Well, then, I can hear you saying, why are the Clintons giving insurance companies such a large role in the reform plan? Why rely on entities you know are constitutionally more interested in better profits than in better health care?

And why, I hear you further saying, don't the Clintons just do an end run around the insurance companies and go for the single-payer plan where the government itself underwrites our health care?

"Tax it, pay it, and get it over with," proponents of such a plan say. Government bureaucracy is no worse than insurance company bureaucracy, and it's not driven by an institutionalized profit motive.

So why, you ask again, don't Bill and Hillary propose that?

I'll tell you.

Because they know the single-payer plan would goose us in our national logophobia about—dare I whisper the words in a family newspaper?—socialized medicine.

It's the same logophobia Sen. Phil Gramm tries to activate when he says "The President and his wife are very good salespeople but the bottom line is that they are trying to sell socialized medicine. . . .They cannot sell that to the American people."


The Truth, Mainly

 

And it's the same logophobia exhibited by an energetic and intelligent woman I know who's had a bellyful of health insurance dealings in the last decade. "I don't want socialized medicine," she says. "But we need something different than we have. We need Medicare for everyone."

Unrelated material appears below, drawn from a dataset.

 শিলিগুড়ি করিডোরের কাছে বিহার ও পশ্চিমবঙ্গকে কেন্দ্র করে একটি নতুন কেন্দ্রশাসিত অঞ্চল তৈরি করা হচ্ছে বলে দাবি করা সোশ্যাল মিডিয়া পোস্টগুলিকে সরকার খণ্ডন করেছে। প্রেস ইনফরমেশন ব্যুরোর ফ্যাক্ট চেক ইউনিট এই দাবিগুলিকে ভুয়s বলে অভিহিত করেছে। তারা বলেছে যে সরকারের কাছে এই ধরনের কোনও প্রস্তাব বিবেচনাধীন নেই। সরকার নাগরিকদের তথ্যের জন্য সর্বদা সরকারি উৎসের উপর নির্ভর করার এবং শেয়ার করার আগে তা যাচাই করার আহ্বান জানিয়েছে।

It's logophobia because the fear is of the words themselves rather than of what they stand for. Ask most of us whether we favor socialized education, socialized highways, socialized ball parks and we get red in the face and say nosireebob, we like things the American way.

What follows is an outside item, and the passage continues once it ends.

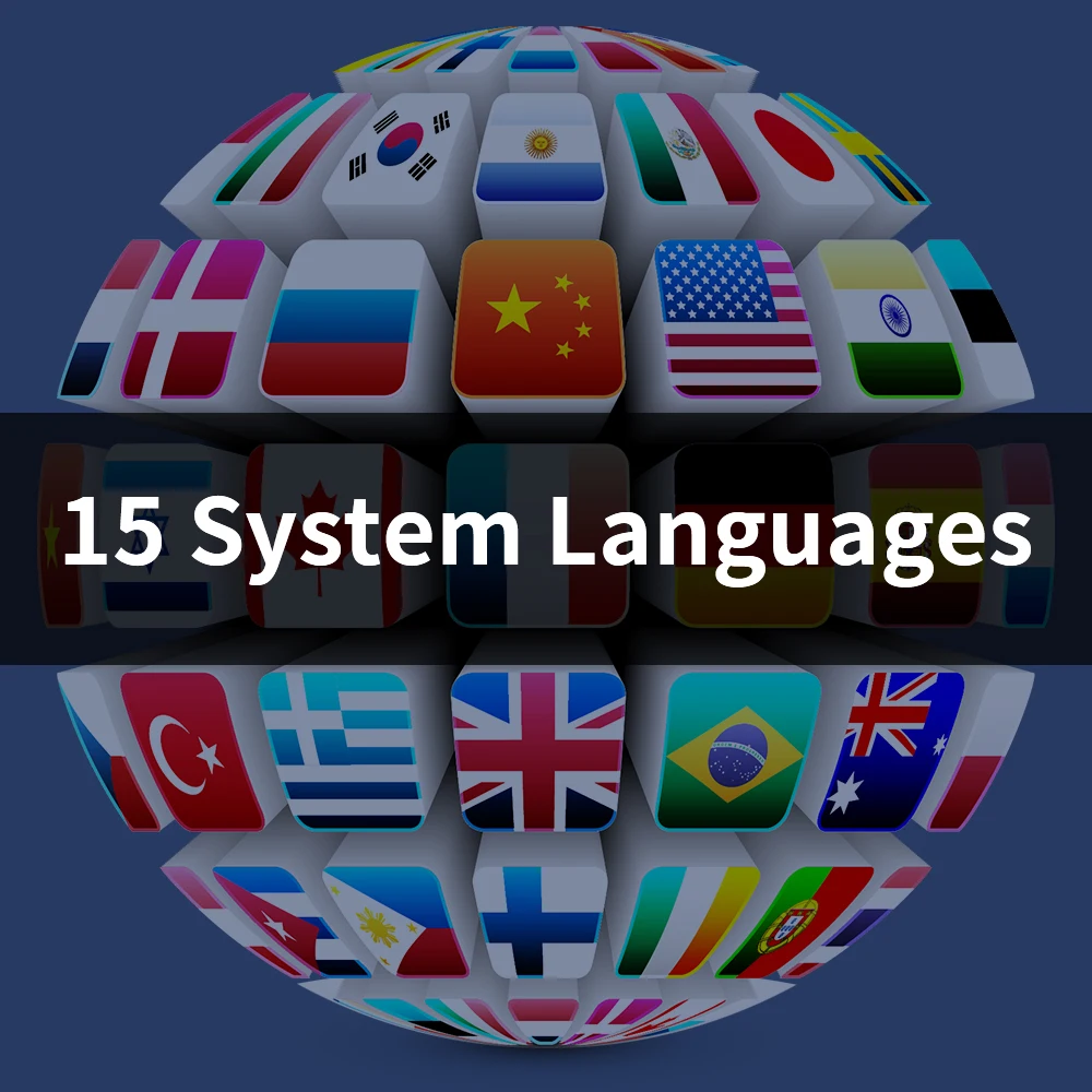 Multilingual system, capable of supporting English, Japanese, Portuguese, Russian, etc.

We might work through that phobia with enough word therapy: Say "socialized medicine." Now say it again without looking like you've just swallowed a toad. Now smile when you say it. Now say "socialized medicine, ALL RIGHT!"

And so forth.

But it might be easier just to change the words that scare us.

We might call it "subsidized medicine." Get sick and the government gives you a subsidy to pay the bills. Those rugged individualists who are most rabidly phobic about "socialized"—farmers, say, and right-wing industrialists, defense contractors, Texas senators—become quite agreeable when they hear "government" and "subsidy" in the same sentence.

But if the Clintons need even more support—universal assent for universal coverage—they might call it the "medically activated tax refund plan." Get sick, you get a tax refund to pay for it. If it costs more than your tax bill, you get a refund of taxes paid by someone who has the misfortune of staying healthy. Helluva deal.

Could anyone oppose that? Imagine the response to Sen. Gramm saying "The president and his wife are very good salespeople but the bottom line is that they are trying to sell a tax refund …They cannot sell that to the American people."

Whooboy.

 

Satterfield is a college professor and writes as a means of discovery.